Мужичок остановился и, похоже, всерьёз ждал ответа. У Влада сложилось впечатление, что даже если бы ответом стала грубость, всё, чего он дождался бы от этого мужичка — сердечный поклон и искренняя благодарность.

— Да от девки он бежит, — отозвалась с лавки женщина, преклонных уже лет, по самую макушку закутанная в мех. Она походила на огромного, умудренного годами суслика, который знает, как о себе позаботится в этих широтах. — Не видишь, голый совсем?

Дети, что, заметив Влада, выставили мордашки из большого сугроба, захихикали и зашептались. Открылось на первом этаже окно, хмурый, голый по пояс мужик выдвинул, как удочку, на мороз свою сигарету. Влад, казалось, его нимало не волновал.

«Где-то здесь кроется моя ошибка, — думал Влад и тряс головой. — Где-то в шаге… ухватить бы её, да найти толкование в каком-нибудь словаре.

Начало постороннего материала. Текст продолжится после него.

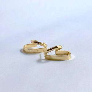 Avaliação 0 de 5R$89,00argola de fio duplo sendo um oval com acabamento retangular e outro sendo tubo médio, folheada a ouro 18K e hipoalergênica.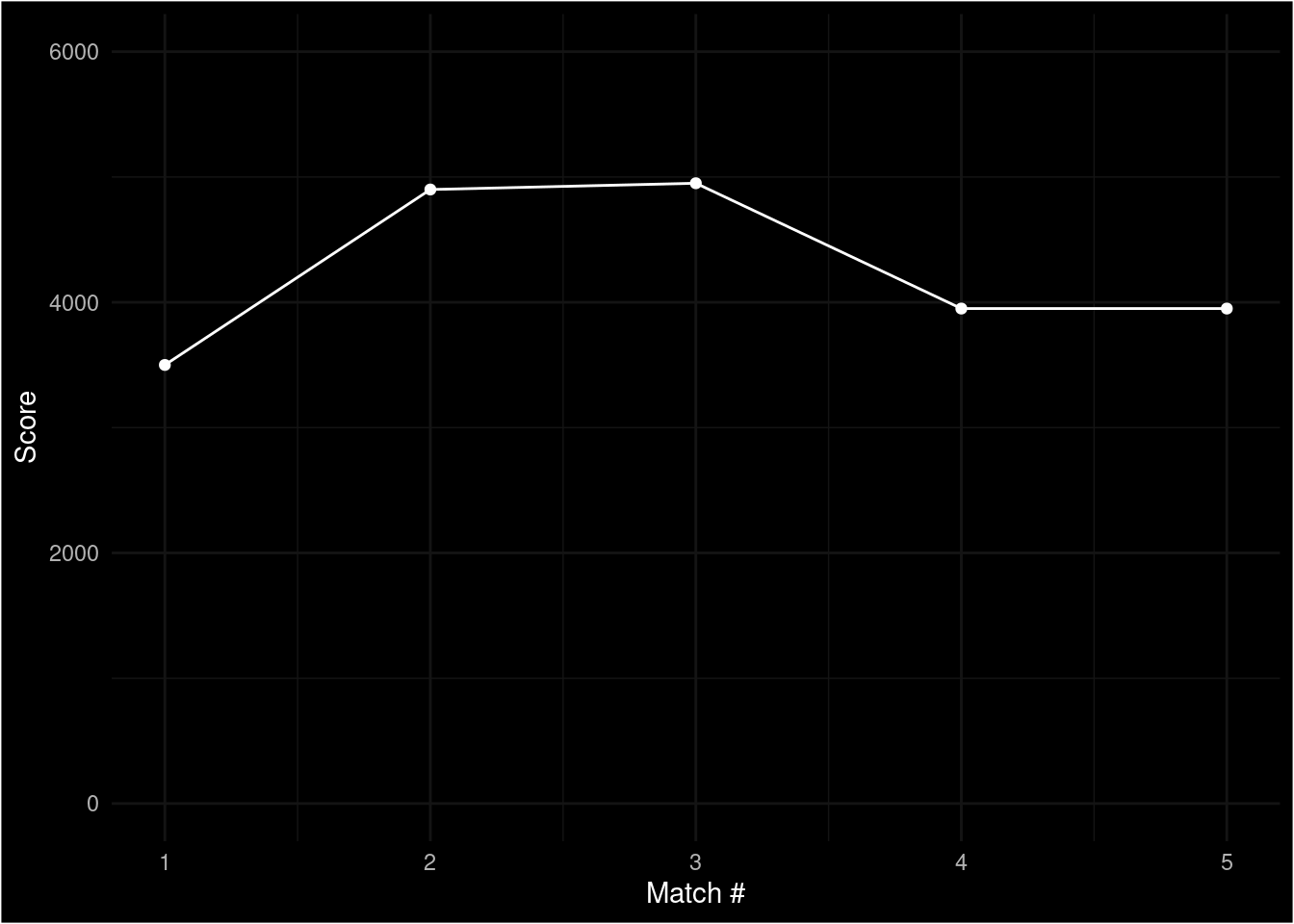 Two games were also played in time mode. For the time-mode version of the game, Gatai would still scan the board for the best moves, but then, if more than one move or move sequence is possible, try to make all of then, in a pattern that minimizes the risk for interference between the moves, and maximizes the likelihood of a high score. In this format Gatai was able to score as high as 7850, however, this measurement is of lesser interest, since it is mostly a function of Gatai’s ability to make moves fast, which in turn depends on the computer hardware rather than the AI implemented.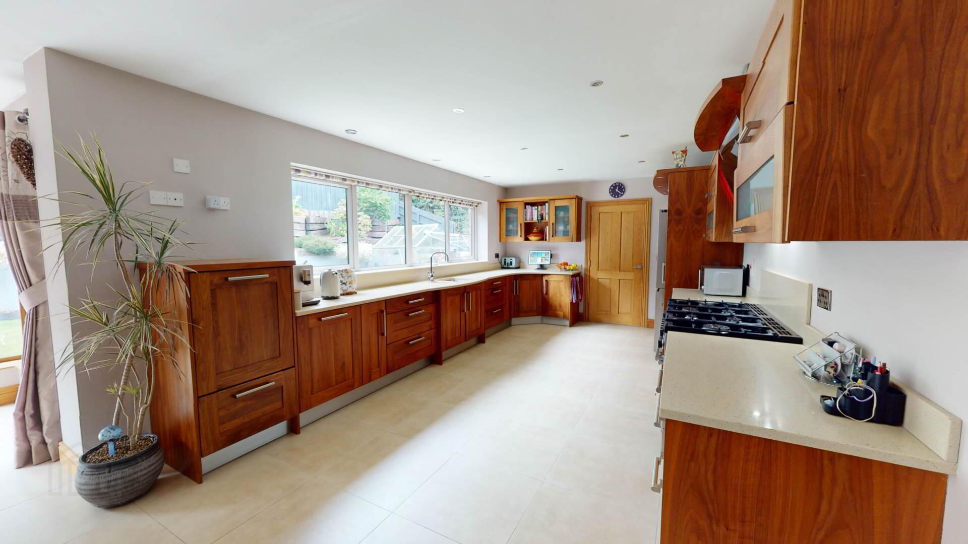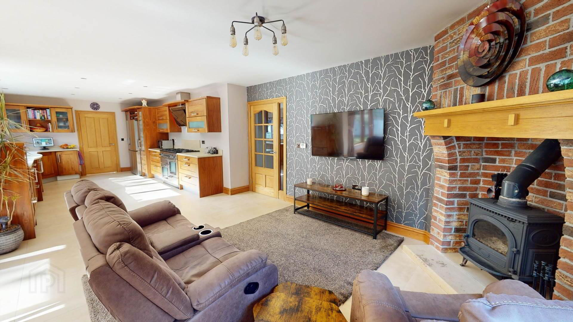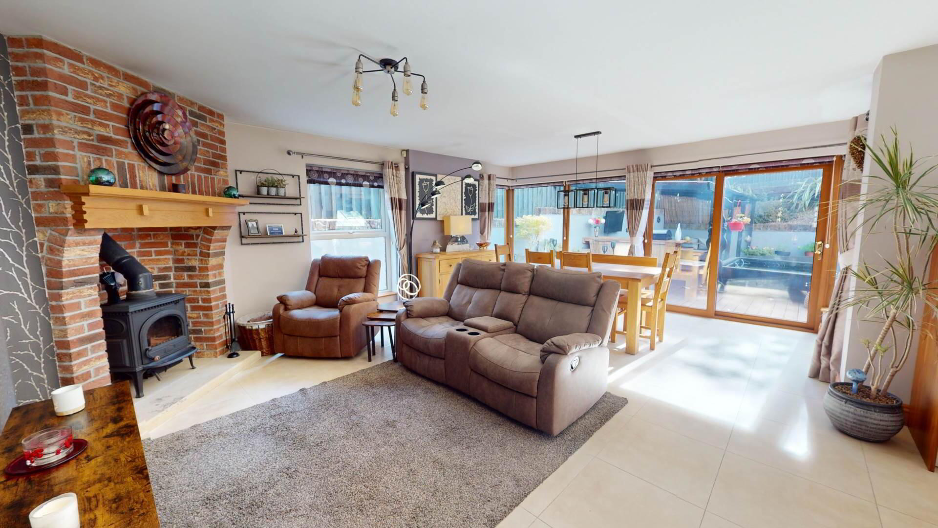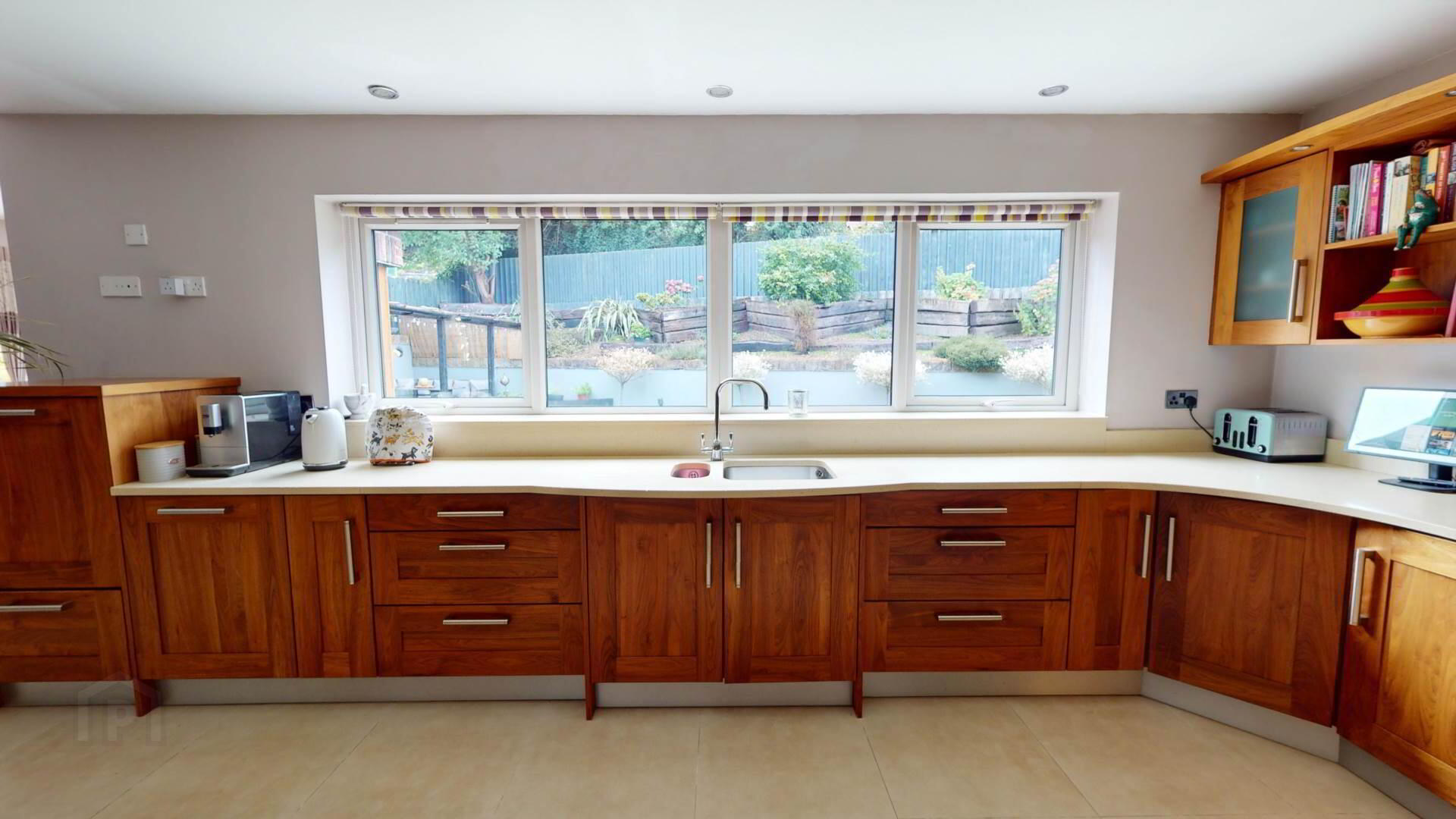 Inside, the bright open-plan kitchen, living with stove, and dining area through sliding doors, draws you to the peaceful rear garden. The custom Greenhill kitchen impresses with a Rangemaster oven/stove and separate utility. Downstairs is complete with the front large sitting room with open fireplace, downstairs bedroom and toilet. Upstairs, find four spacious double bedrooms, two with sleek ensuites, plus a stylish family bathroom.

Например, в «Словаре Вселенских Ошибок (из-за которых гибнут люди, а всё, что кажется таким значительным, оборачивается вдруг туманом)», да только в какой из книжных лавок получить его копию?..

Мужичок всё так же стоял и, улыбаясь и хитро щурясь, глядел на Влада. Тётка в мехах рассматривала его с неодобрением — казалось, от этого взгляда ботинки начинали жать ещё сильнее. Мужчина на балконе — с равнодушием. Дети с любопытством; впрочем, по одному они возвращались к игре.

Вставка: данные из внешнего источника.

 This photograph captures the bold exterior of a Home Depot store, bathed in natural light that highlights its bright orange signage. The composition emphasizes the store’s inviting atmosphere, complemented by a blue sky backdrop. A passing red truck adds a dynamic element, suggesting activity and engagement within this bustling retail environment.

А Юлька уже шесть минут как мертва, и жизнь выползает из неё по каплям, чтобы сорваться с края моста и упасть на снег. Она одета в пышное платье с кринолином, накладными плечами и черепами из папье-маше и пластика, платье из первой коллекции, которое отлично помнил Влад, одно из тех, что пронизаны театром и атмосферой подвальных месяцев, полных неясных предчувствий, интуитивных движений и жестов, которые творили магию. Лишь накинула сверху какую-то курточку. На белом лице несуразный макияж. Парочки, целующиеся под фонарями, улыбались, когда она шествовала мимо: может, в парке готовится предновогодний спектакль? Может, налетят сейчас ведьмы с накладными носами, и детишки побегут по всем мостам смотреть на представление.

Дошла до середины моста, огляделась, круглые часы на запястье отразили солнечный зайчик. Потом прошлась взглядом, как утюгом, по обращённым к ней лицам. Народу здесь мало. Две-три парочки, группа девушек, которые шли в парк кормить синиц и несли с собой аж две буханки хлеба. Нет, того, кого она искала, нет, и ждать нельзя, с каждой прожитой, прожданной, потраченной минутой химические процессы внутри могут склонить чашу весов на другую сторону.

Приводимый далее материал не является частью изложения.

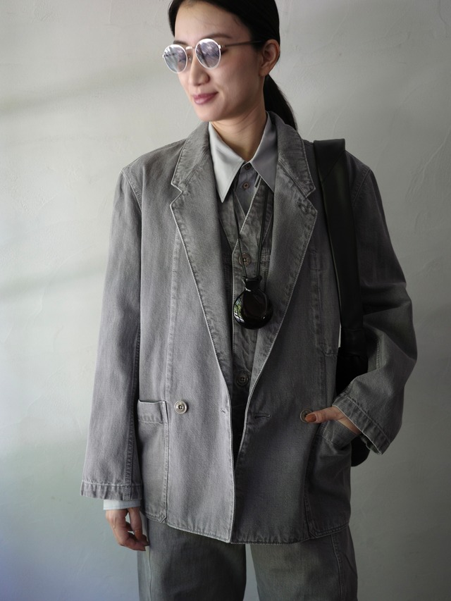 ●item info 「四角形の布に穴をあけて、袖(肩)をとりつける。」というアイデアから生まれたジャケット。 着物のような平面、幾何学的なモチーフと西洋的なドレープ、テーラリングを組み合わせた、YOHEI OHNOの造形コンセプトが強く反映された作りです。 袖口には「チェスの馬」のチャームつき。(クリーニングの際は取り外し可能) "Antipope(対立教皇)"は敬愛するアーティスト、マックス・エルンストの作品名から拝借した。 ( pic 2-8 着用149cm / 36) color / grey size:one / 36 身幅52cm 着丈54cm 肩幅55cm 袖丈56cm material: 表地: Wool100% 裏地: Cupro100% -2025 F/W- 素朴な日常の中から生まれる美しい造形 デビュー10周年を経て「変わらずラグジュアリーとは程遠い、素朴な日常の中で『塑像』を繰り返す自分」という現在地を俯瞰し、“造形”という大野自身にとってのエッセンシャルな行為に向き合ったという2025FW collection 人間の身体と衣服との関係性に図形や建築的な空間を取り入れることによって、新たなフォルムや身体像を探求することを目指す、ヨウヘイ オオノらしいアプローチを遺憾無く発揮した。 素材使いには、これまでも度々着想源としてきたバウハウスや、ドイツの現代アーティスト ヨーゼフ・ボイスの作品における乾いた質感を反映。黒やグレー、ブラウン、カーキ、白を基調とした質素なカラーパレットにより、フォルムや質感を引き立てた。 - YOHEI OHNO - アート、建築、工業デザインなどからインスパイアされた、アーティスティックで構築的なシルエット、ユーモアあふれるディテールへのアプローチに定評がある。伝統的な洋服のルールに縛られない自由な発想から生まれるデザインが強み。 desiner / 大野陽平 文化服装学園でパターンカッティング・ソーイングの基礎を習得し、その後イギリスに留学。ノッティンガム・トレント大学(Nottingham Trent University)でファッションを学ぶ。卒業コレクションは、ロンドン卒業コレクション(London GFW 2014)で発表。2014年、自身のブランド「ヨウヘイ オオノ」を立ち上げる。2015年年秋冬コレクションでデビュー。2017年秋冬東京コレクションでランウェイデビュー。同年東京ファッションアワードを受賞。2018-19インターナショナル・ウールマーク・プライズアジア大会で優勝。2021年、「3711 プロジェクト(3711 Project)」ローンチ。使用されないまま眠っている着物の反物にブランド独自のデザインと技術を加え、新たな一点ものの服に仕立て上げるプロジェクト。デザイナーの大野が選りすぐったヴィンテージの反物を使用した、モダンな一点物を提案する。

Она достаёт из внутреннего кармана куртки пистолет, глядя, как расширяются глаза, как становится шире одна-единственная улыбка одной из девчушек, которая всё ещё думает, что это карнавал, всё ещё не понимает, не понимает…

Обнимает ствол губами и жмёт на курок.

Неназываемый мёртв уже больше тридцати минут, санитары укутали тело в странном костюме покрывалом и загрузили в машину. Следом хотели загрузить женщину, на которую попало немало крови — она прогуливалась мимо, когда человек проделал себе дыру в голове — но та упёрлась всеми четырьмя конечностями, ухватилась за ограду моста, так, что пришлось увезти её на машине полиции. Эта кровь выжигала из неё крик и истерические всхлипы, на какое-то время она успокаивалась, но потом снова начинала плакать.

— Опоздал, — информирует Влад мужичка, хлопнет его по плечу и пойдёт прочь, обратно по своим следам.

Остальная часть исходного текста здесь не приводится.